🍒 BAB 7 🍒

369 27 0
                                    

Echa masuk ke dalam rumah, dia melihat sang ibu yang sedang duduk di ruang makan. pagi tadi sepertinya mbak Siti tetangga sebelah sudah membawakan sarapan untuk sang ibu.

"Kamu udah pulang Mbak?" tanya Ratih sambil menatap Echa.

"Udah Bu, tadi Mbak Siti udah ke sini kan Bu?"

"Iya, ini Mbak Siti Yang bawain. Makasih ya mbak."

"Kemarin Ibu telepon Hana katanya kamu udah tidur?"

"Iya, aku capek habis nyariin seblak muter-muter nggak ada dapet-dapet." Echa menjawab pertanyaan sang ibu, kemudian duduk di sampingnya.

"Cha, kamu nggak usah terlalu mikirin adik-adikmu di sana. Bapak kan juga kerja, Bapak tuh suka males kalau kamu kasih uang terus." Ratih sangat mengerti Kalau suaminya itu sebenarnya bisa bekerja, hanya saja sudah terlanjur enak karena dikirimin uang terus dari kota.

"Iya, tapi kalau aku nggak kirim kasihan adik-adik di sana Bu. kebutuhan mereka kan juga banyak. Lagian, ibu nggak usah khawatir karena aku kirim uangnya kan ke Raya. Aku minta dia buat handle kebutuhannya sama kebutuhan Ragil."

Ratih menatap kepada Putri sulungnya merasa dan sadar betul kalau seharusnya ini adalah bukan beban dan tanggung jawab yang harus dipikul oleh Echa.

"Maafin ibu ya Mbak.
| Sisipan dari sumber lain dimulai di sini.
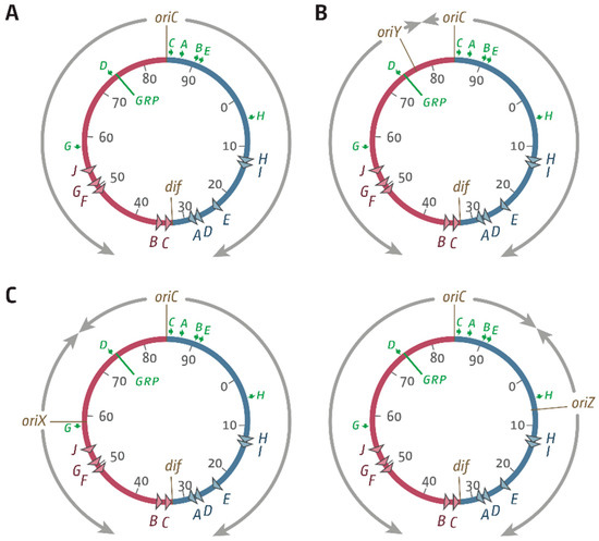 Schematic representation of the replichore arrangement of Escherichia coli chromosomes with ectopic replication origins in different locations. (A) Normal replichore arrangement in E. coli. The origin, oriC, and the dif chromosome dimer resolution site are indicated. ter sites are shown by triangles and are identified by their corresponding letter (“A” indicates the terA site). The numbers represent the minutes of the standard genetic map (0–100 min). Green arrows represent location and direction of transcription of the seven rrn operons: A–E, G, and H. The location marked “GRP” indicates a tight cluster of genes coding for ribosomal proteins, all of which are transcribed co-directionally with replication coming from oriC. (B) Integration site of a 5 kb oriC fragment termed oriY into malT upstream of the rrnD operon. (C) Integration sites of 5 kb oriC fragments into pheA upstream of the rrnG operon, termed oriX (this study), and near the lacZYA operon, termed oriZ [18,19].
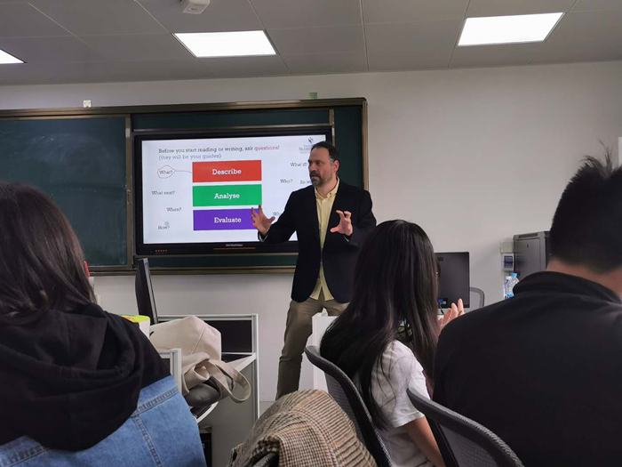 讲座伊始, Attila博士与研究生同学们一同进行了单词拼写游戏。随后,他结合英语教学法中的普利茅斯模型,从“Describe”, “Analyse”, “Evaluate”等三个方面带领大家学习了如何构建论文框架以及如何在论文写作过程中发现问题与解决问题。最后,Attila博士要求研究生同学们应在日常学习过程中随时保持批判精神,遇到问题要勤思考、多提问,并能从各个角度寻找解决问题的方法。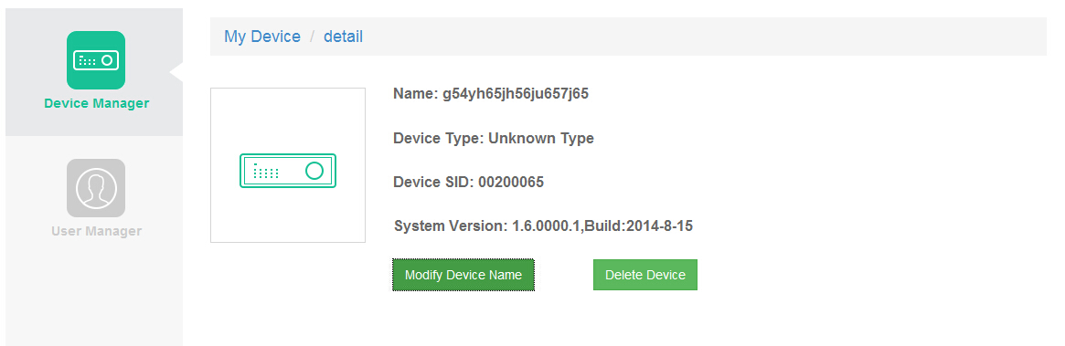 Configuration Management> My device, click on the thumbnail to view the equipment details, click the "Modify Name" button and enter the device name, click on the "OK" button to complete the modification.

Ibu nggak bisa bantu apa-apa malah ngerepotin kamu." Ratih ucapkan itu karena merasa tidak enak hati. Merasa kalau hidupnya selama ini hanya untuk menyusahkan sang putri.

Echa berusaha menahan air matanya, dia menengadahkan wajah ke atas. Tak ingin air matanya menetes saat ini. karena ia juga tak ingin melihat sang Ibu sedih.

"Ibu jangan ngomong kayak gitu, Echa ngelakuin semua ini ikhlas kok Bu. Ya udah ya Bu, Echa mau mandi siap-siap kerja."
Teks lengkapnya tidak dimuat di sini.